The team is also experimenting with pig hearts, which are about the same size as humans', and have successfully generated ECM's from them.

The hope

Someday, doctors may routinely extract cells from heart failure patients and use them to reseed a new organ from a cadaver-derived ECM. What types of cells those would be isn't known yet.

"It depends on what cells are best," says Taylor. "Bone marrow-derived stem cells are already used to treat hearts. It may be a mix of cells from bone marrow, hearts, and skeletal muscle. We'll use whatever cells we think are going to give us the best shot."

Surgeons already patch holes in the heart, or areas damaged by heart attacks, with pieces of heart muscle. Patches can be grown in the lab, but it's hard to get them anywhere near thick enough because of difficulties keeping the tissue oxygenated. The ECM technique, however, has good potential for overcoming this limitation because it uses the original circulatory system to oxygenate the growing hearts.

"The thickness of the ECM is key," Taylor explains. "If the matrix is there, we can recellularize its whole thickness."
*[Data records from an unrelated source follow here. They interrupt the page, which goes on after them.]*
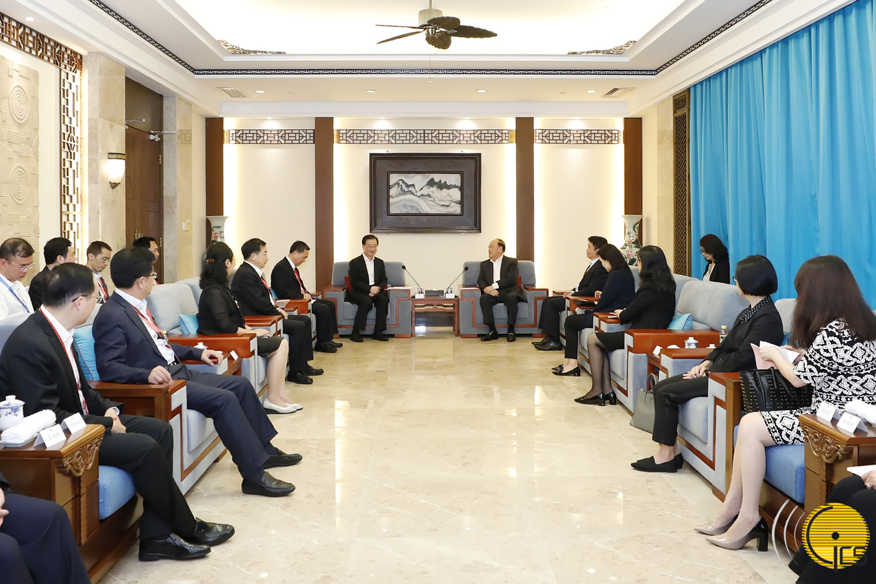 Chefe do Executivo, Ho Iat Seng, num encontro com o governador da Província de Fujian, Wang Ning, na cidade de Sanya da Província de Hainão.
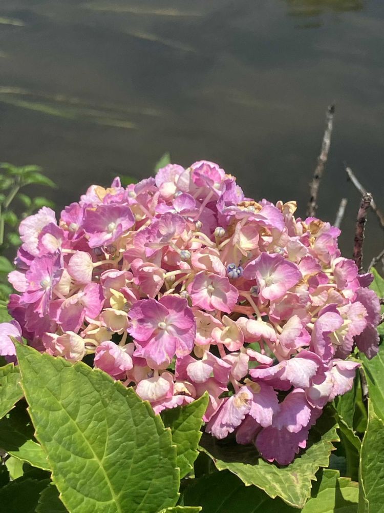 先ほどの用水路沿いにはアナベル以外の紫陽花も彩りを加えていました。
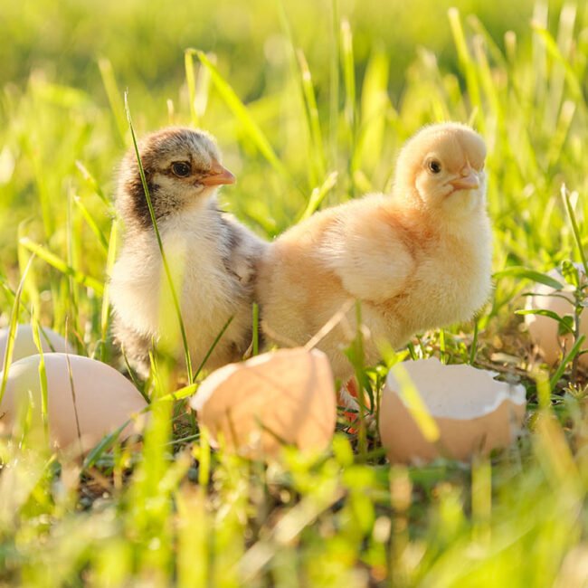Durante 6 meses cuidamos de cada gallina hasta que está lista para iniciar la puesta de huevos que darán lugar a pollitos de engorde.
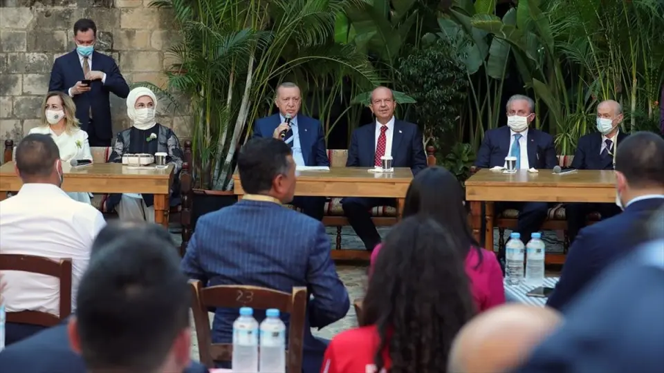"Akif merhumun dediği gibi 'İmandır o cevher ki, ilahi ne büyüktür. İmansız olan paslı yürek, sinede yüktür.' Sizler imanınızla, birikiminizle, azminizle, enerjinizle, kararlılığınızla Türkiye'yi ve Kuzey Kıbrıs Türk Cumhuriyeti'ni hedeflerine ulaştıracaksınız. Gönül sınırlarımız içindeki Kıbrıs'ta verdiğiniz her mücadelede dün nasıl hep yanınızda olduysak, bugün de yarın da yanınızda olacağız. Çünkü bu dava bize Hala Sultan'ın, Lala Mustafa Paşa'nın, Doktor Fazıl Küçük'ün, Rauf Denktaş'ın emanetidir. Türkiye de 20 Temmuz 1974'te işte bu emanete sahip çıkmak için harekete geçti. Bugün de aynı emaneti daha ileriye taşımanın mücadelesini veriyoruz. İnşallah bu mücadele, devraldığımız bu bayrak, sizler devraldığınızda tıpkı büyük ve güçlü Türkiye gibi güçlü olarak Kuzey Kıbrıs Türk Cumhuriyeti'nin inşasını tamamlayacaksınız."
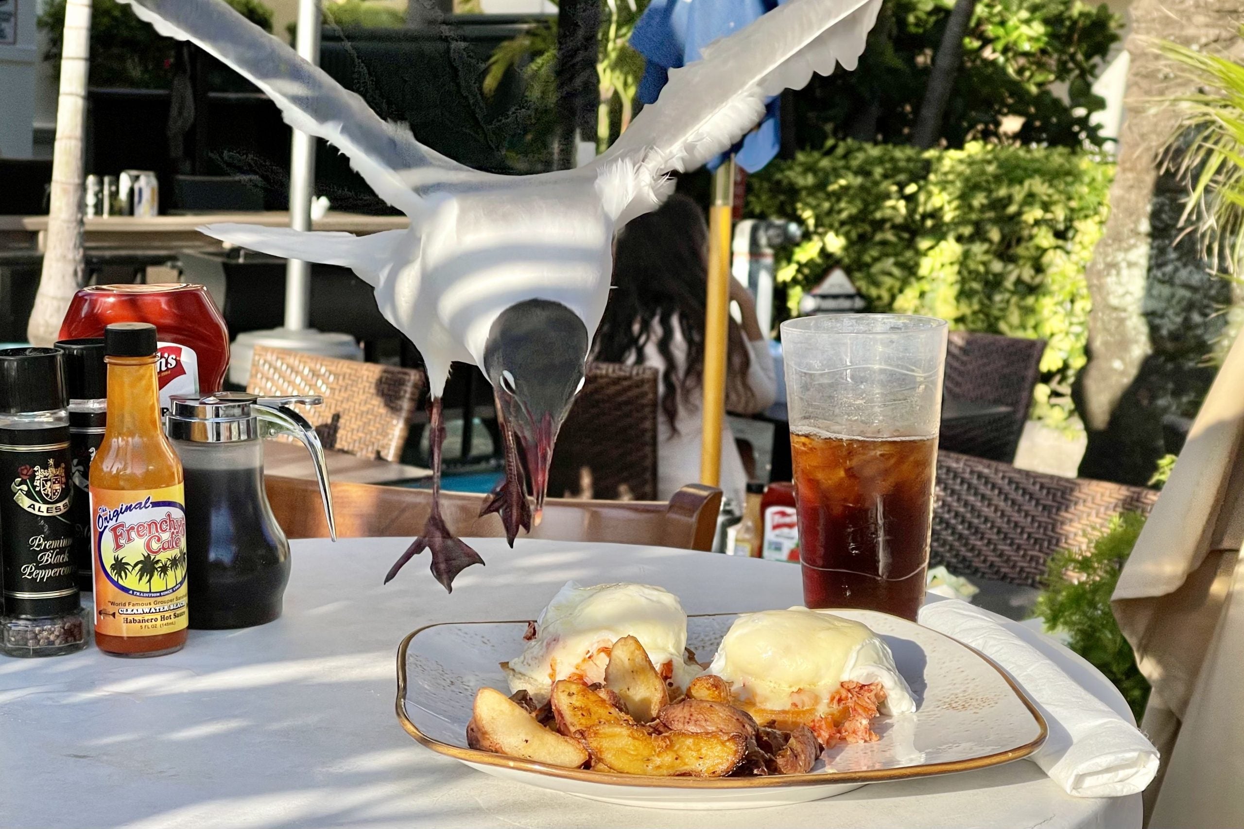At first I was thrilled to find a quiet spot on the sidewalk. However, the absence of other patrons gave a seagull the confidence it needed to swoop down and steal part of my breakfast!
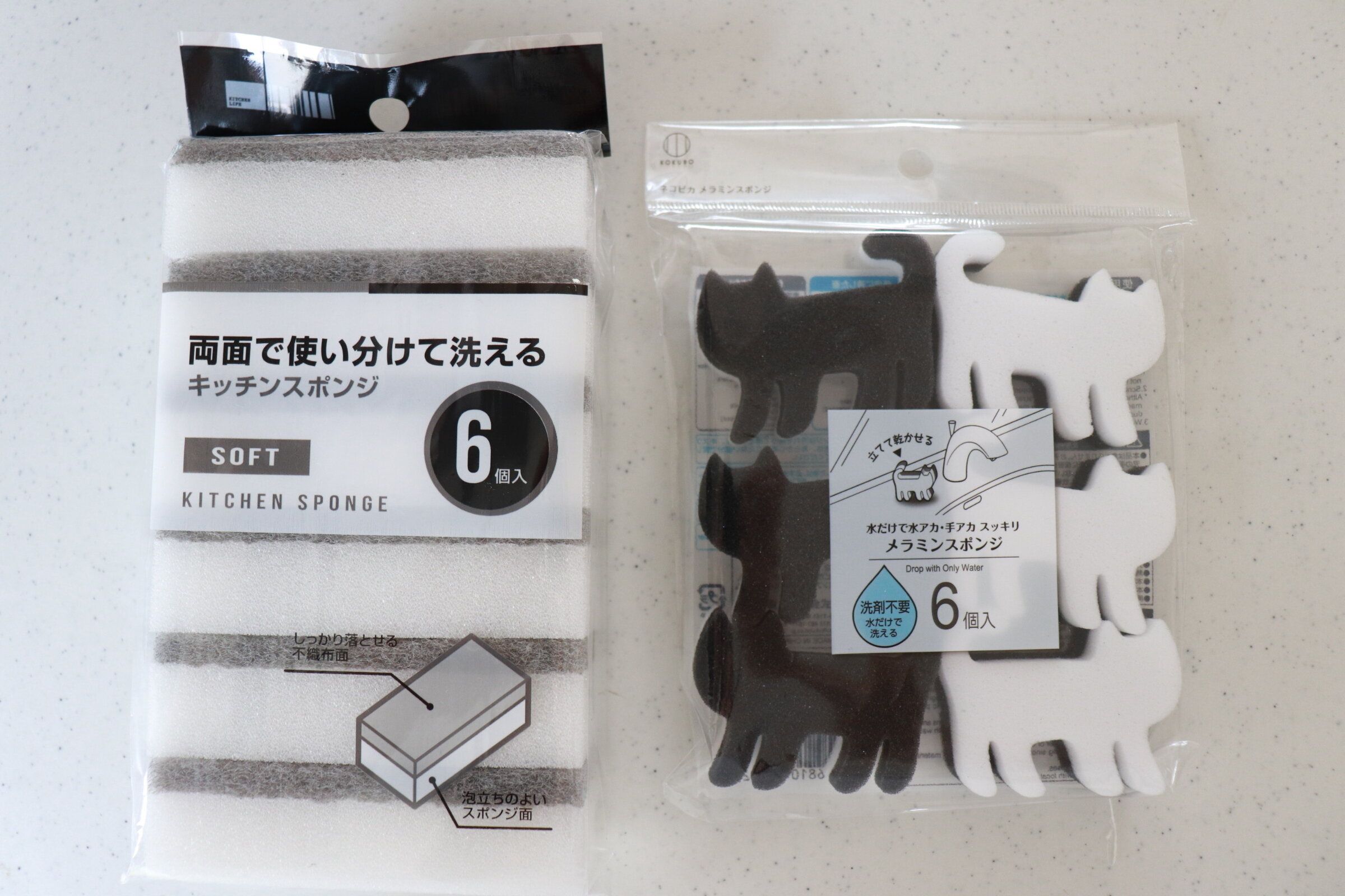 写真で紹介しているのは「両面で使い分けて洗えるキッチンスポンジ」と「水だけで水アカ・手アカスッキリ メラミンスポンジ」です。どちらも価格は110円。
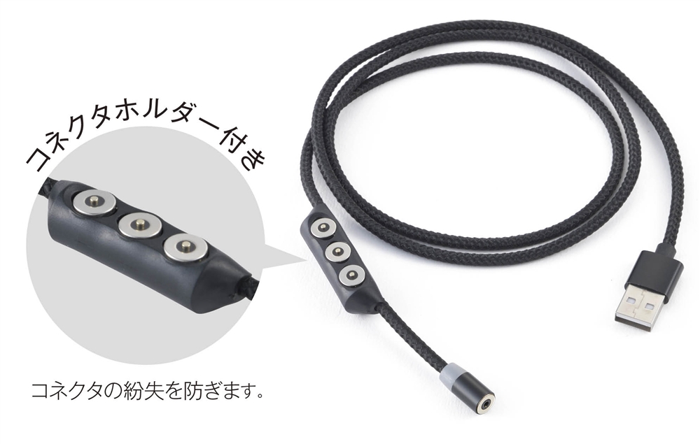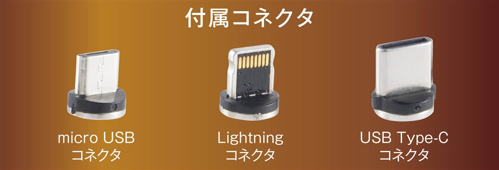 | 備考 | <セット内容> マグネット式ケーブル・micro USBコネクタ・Lightningコネクタ・USB Type-Cコネクタ・コネクタホルダー |
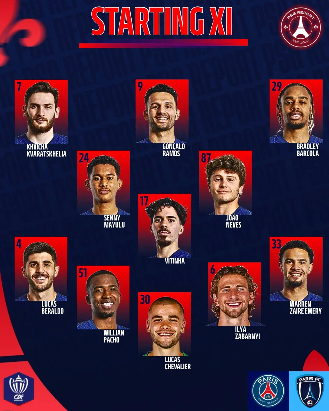 Стартовий склад ПСЖ: Шевальє – Беральдо, Пачо, Забарний, Заїр-Емері – Маюлю, Вітінья (к), Невеш – Кварацхелія, Рамуш, Барколя.
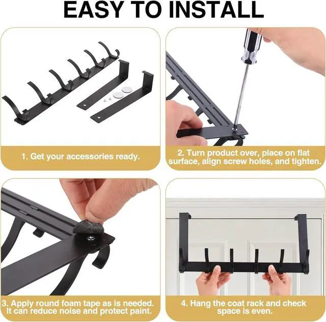 Easy to Install: Over the door towel rack. No drilling is required. Just insert two hanging brackets into this door hook and hang it on the door. 8cm hook distance larger storage space no squeezing and no stacking. 10cm reserved space effectively ensures that the hook will not hurt the wall and cause losses. It is suitable for 99% of doors.
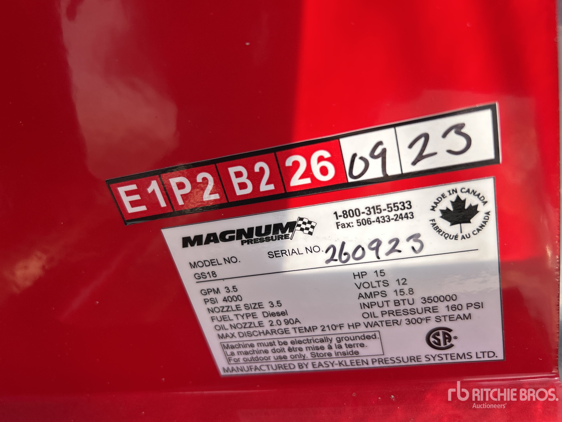 4000 psi Rating, Water Heater, Hose, Spray Wand, 1 Cylinder 15 hp 420 cc Gasoline Engine
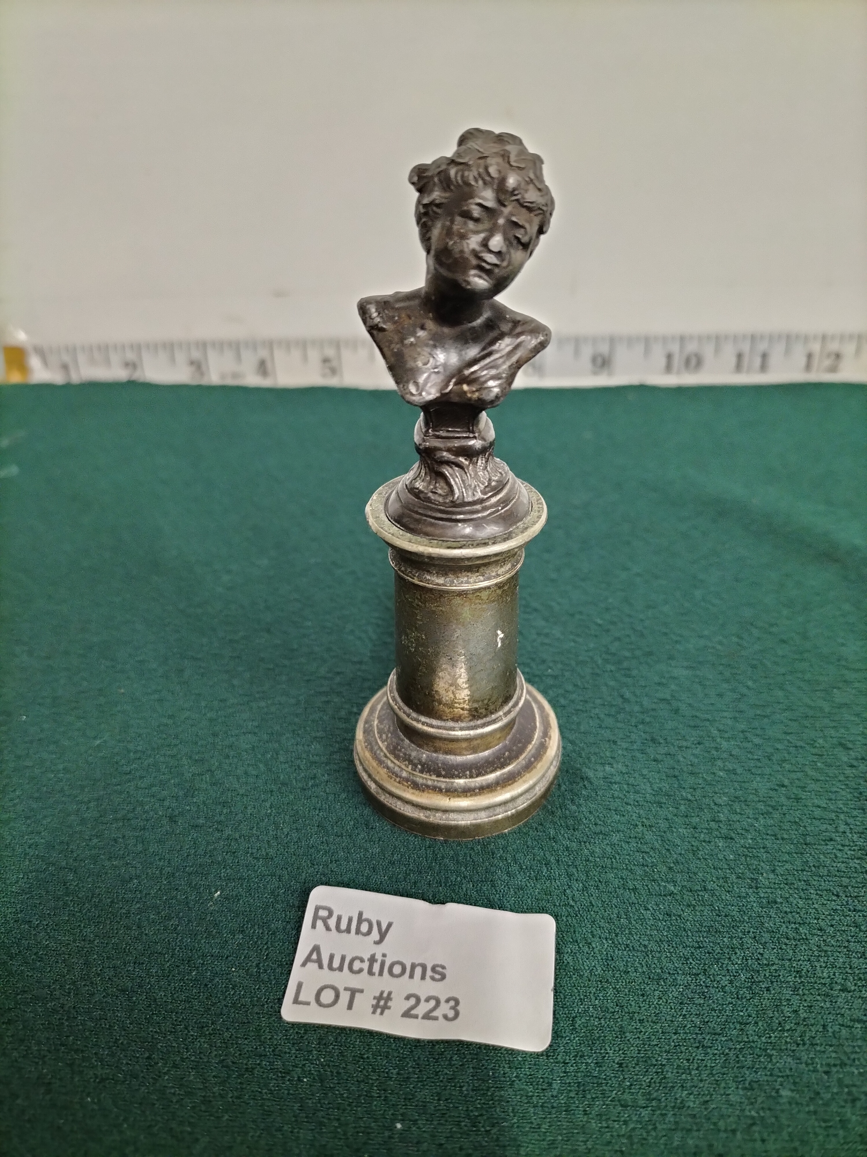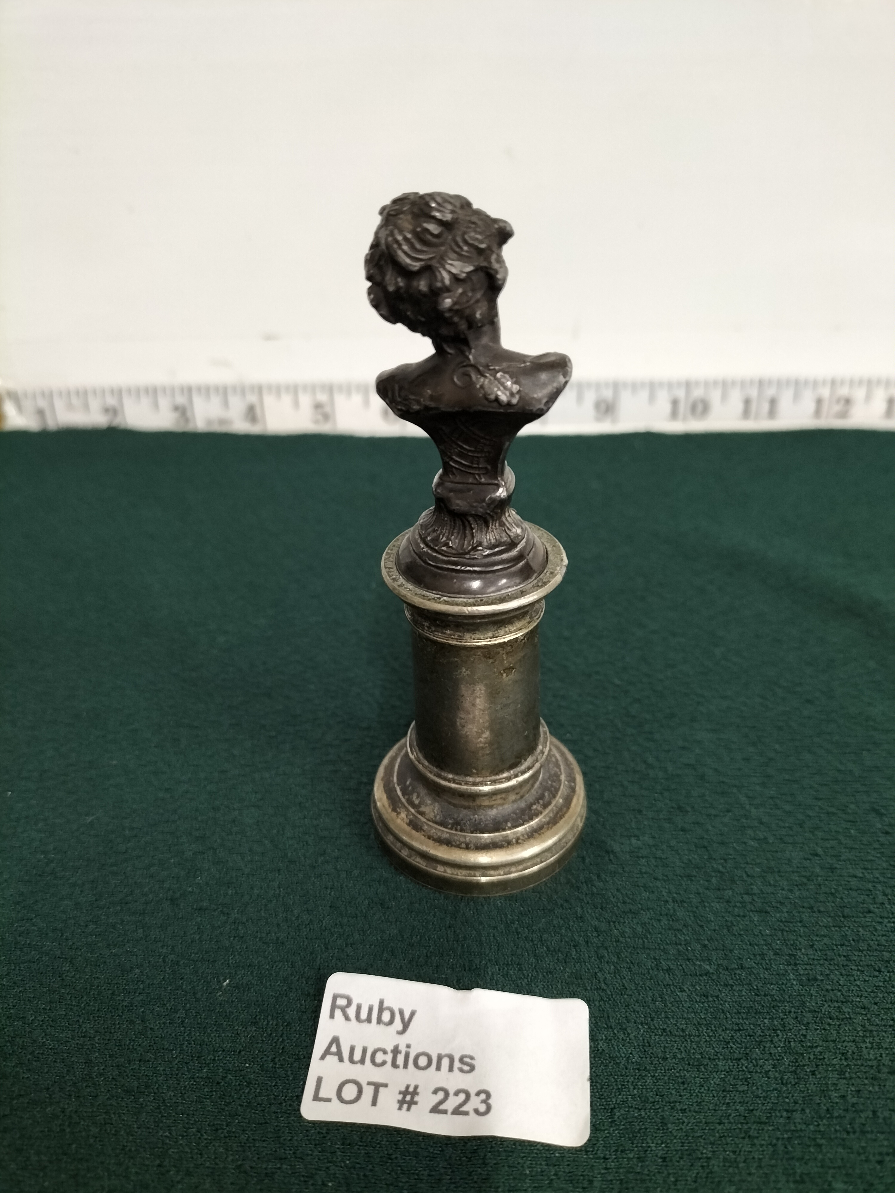 A small patinated Grand Tour cast iron bust of a woman in the French style, mounted on a cylindrical pedestal base, measuring approximately 6 inches in height.
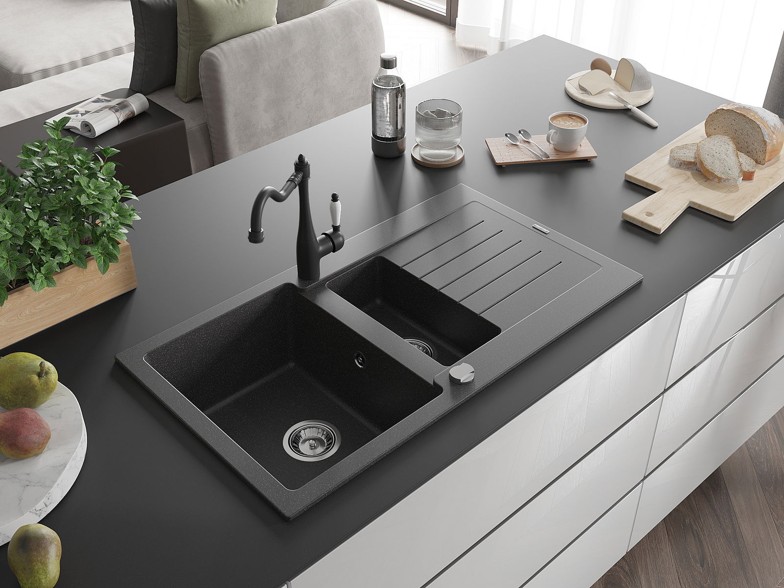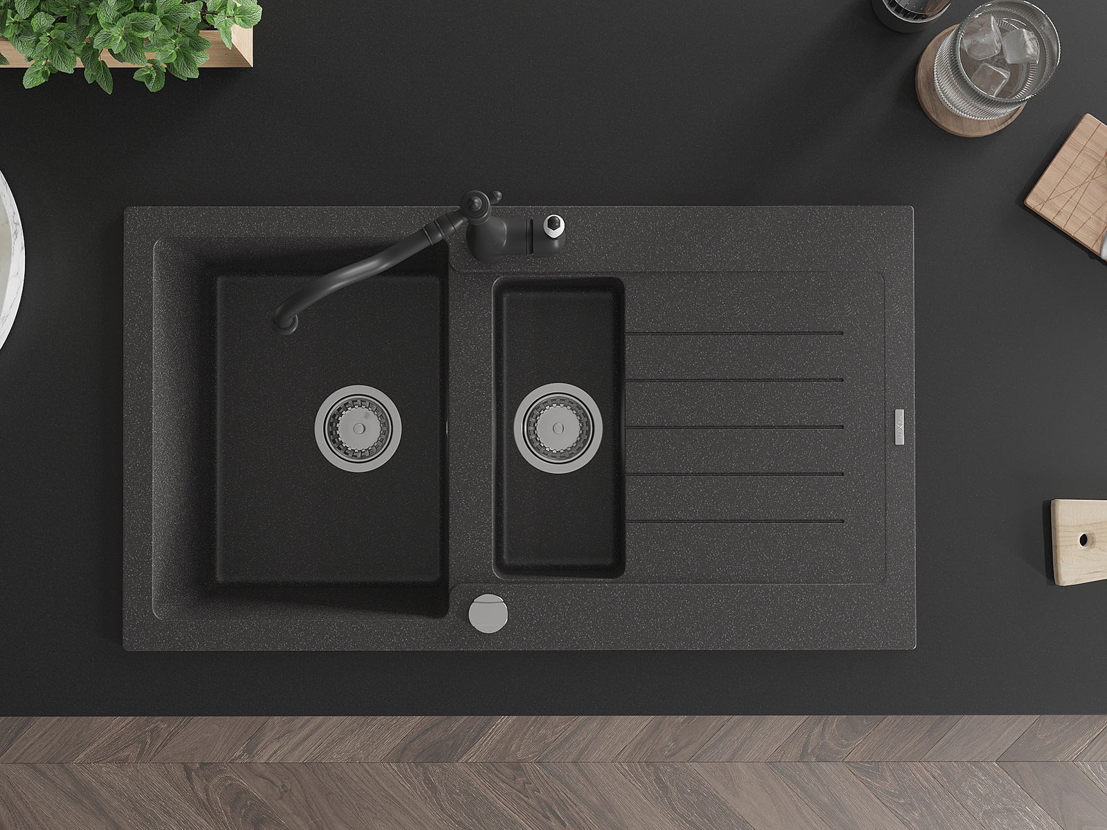 Мивката е направена от висококачествен гранит. Това е елегантно и най -вече практично допълнение към всяка кухня, независимо от нейния стил. Висококачествената и гранитна издръжливост осигуряват много години употреба.

While the ECM technique can supply heart patches, she says its main application is likely to be in patients who need a whole new heart. With too few donor hearts available, the ECM heart may fill the gap and help patients rid themselves of mechanical assist devices much earlier.

The potential is great, but "commercialization is not our goal," says Taylor. "It's getting this to patients safely and effectively.

"I'd like to think that these kinds of innovations will continue to happen at the U because the state realizes that we can change the world of medicine here in Minnesota."